Image Processing Analysis Result Based on The Condition of Filling Density, Pulp Tissue, Remain Dentin Thickness and Lamina Dura.

For parameter P2 (Pulp Tissue), the best score was represented by OD Easy and Very Easy found in CLAHE method (B) whose 28 images. It was continued by CS method (A) totaled 23 images, an original image (E) totaled 22 images, CT (C) totaled 21 images, and then wavelet (D) totaled 6 images.

It was quite hard to observe Parameter P3 (RDT), even its quality had been enhanced by those methods. The best method in this parameter was represented by CLAHE (B) whose 11 images. It was followed in the row by CS method (A) totaled 10 images, CT (C) totaled 9 images, wavelet (D) totaled 6 images, and the last was the original image (E) totaled 6 images.

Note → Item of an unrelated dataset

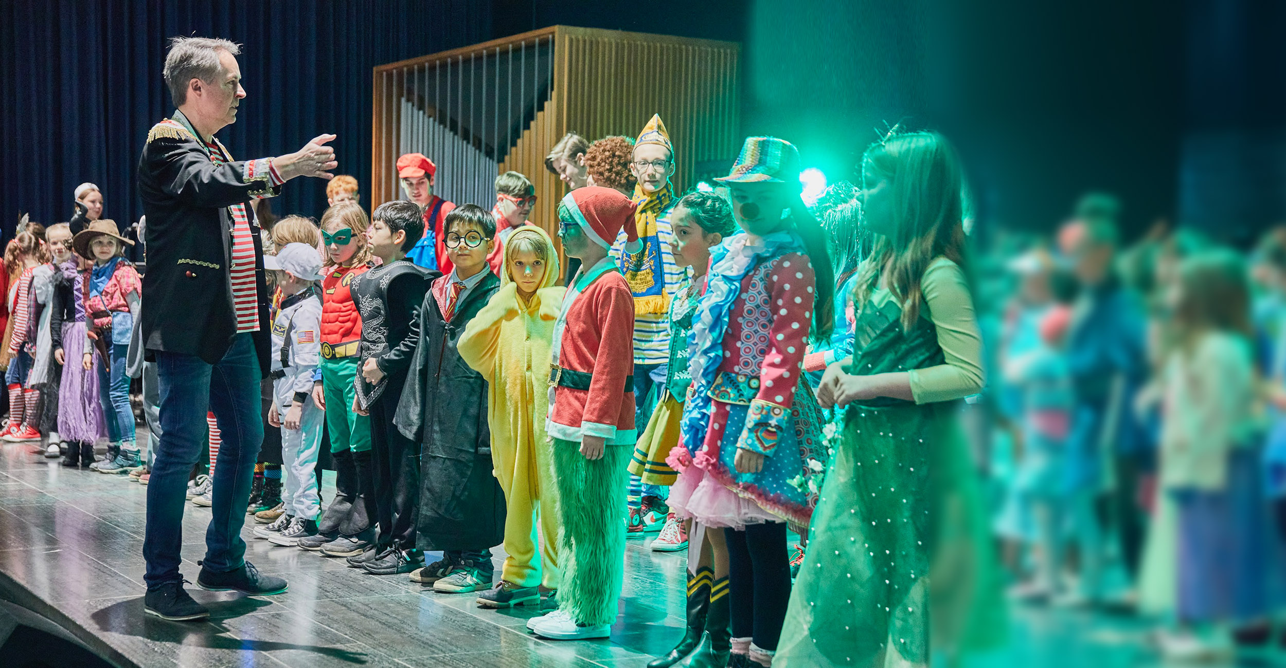 Platz da für unsere kleinsten Jecken heißt es auf der Kinderkostümsitzung in der Aula des Apostelgymnasiums. Hier bietet sich viel Platz zum Tanzen, Singen und Lachen. Liebe Eltern, aufgepasst! Die Karten sind schnell vergriffen.

Finally, the best method for Parameter P4 (Lamina Dura) was CLAHE (B) totaled 28 images, continued by CT method (C) totaled 23 images, CS method (A) 22 images, original images (E) totaled 20 images, and then Wavelet (D) totaled 11 images.

Discussion

Base on the two types of analysis methods on dental radiography images, both MSE and PSNR statistical methods as well as according to expert’s observation (dentist), it occurred score difference (4), that was based on MSE and PSNR statistical scores, it obtained the best score derived from CT method whose MSE and PSNR scores that were 12.39881 and 39.18518. However, according to dentist’s observation through several parameters required for evaluating filling density that were P1 = Filling Density (FD), P2 = Pulp Tissue (PT), P3 = Remain Dentine Thickness (RDT), and P4 = Lamina Dura (LD), it obtained the best scores for P1 – P4 in CLAHE method.

In this research, the researchers stood on the experts’ observation results because MSE and PSNR scores were inadequate enough to provide the suitable method recommendation used in contrast enhancement. It was because those scores did not count feature of the domain where the pixels score change existed yet did only the difference of square average total among images pixels (20).

Conclusions

Based on the research has been conducted on the four methods of image quality enhancement, it can be concluded that:

1. CT method gained the highest MSE and PSNR mean scores if it compared by the others, that were 5.441453 and 40.53652 followed by CLAHE whose scores of 10.66326 and 38.00736, then CS whose scores of 12.39881 and 39.18518, and the last but not the least was wavelet whose scores of MSE 15.41569 and PSNR 36.25343.

2. CLAHE method (B) contributed good evaluation in P1-P4 parameters. Pulp Tissue (PT) and Lamina Dura (LD) looked very clear, nevertheless, less clear Filling Density (FD) and Remain Dentine Thickness (RDT) due to declining density became their weaknesses.

3. Wavelet method (D) had no significant diagnostic at all due to too bright. Consequently, its score tended to be lower as well as MSE’s and PSNR’s.

4. CS (A) and CT (C) methods tended to have the similar capability in distinguishing the four parameters given by the experts. MSE and PSNR scores were also about to approach. The images generated by these methods looked too bright in some cases, therefore, it was hard to evaluate filling.